Machines eventually fail, but rarely does it just suddenly happen. In reality, there are hundreds, possibly even thousands, of events hidden in machine data that signal when a machine is going to fail. The challenge has been finding a way to capture all those events in a cost-effective way that would allow organizations to analyze them events with an eye toward predicting when a particular machine or device might fail.
With that goal in mind, GE Intelligent Platforms today launched a Proficy Monitoring and Analysis suite of Big Data analytics applications based on Hadoop.
According to Brian Courtney, general manager for industrial data intelligence at GE Intelligent Platforms, machine data can reliably predict when a machine is in the early stages of failure. That information then allows the owner of the machine to apply predictive maintenance in a way that avoids costly downtime.
As part of the deployment process, GE works with organizations to set up Proficy Monitoring and Analysis so that GE essentially functions as the organization’s data scientist. Once the software is up and running, GE then hands off the management of the Big Data application to the customer.
Customers have the option of then deploying Proficy Monitoring and Analysis on premise, using the Pivotal platform-as-a-service (PaaS) platform that GE is setting up on Amazon Web Services or any other cloud computing platform that is compatible with the Cloud Foundry PaaS platform developed by Pivotal.
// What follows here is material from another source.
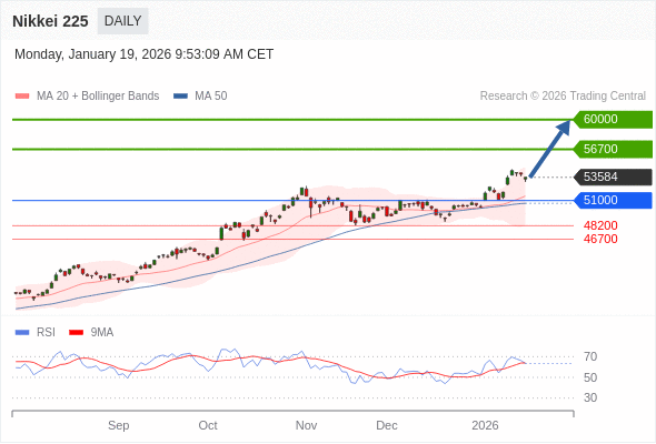 Nikkei 225 短线: 目标位为56700。

Courtney says that from an IT perspective, the biggest challenge with Big Data analytics is convincing managers on a factory floor that it’s possible to predict when a machine will fail. But once everyone comes to terms with the idea that there are signals in the machine data that are indicators of imminent failure, interest in maintaining factory uptime usually carries the day.
Proficy Monitoring and Analysis software is the latest instance of what GE describes as a concerted push into an Industrial Internet that is based on an “Internet of Things” phenomenon, which industry analysts predict will be a $514 billion market by 2020. Of course, none of that will mean a thing if we can’t find a way to practically apply any of that data all those devices are about to generate.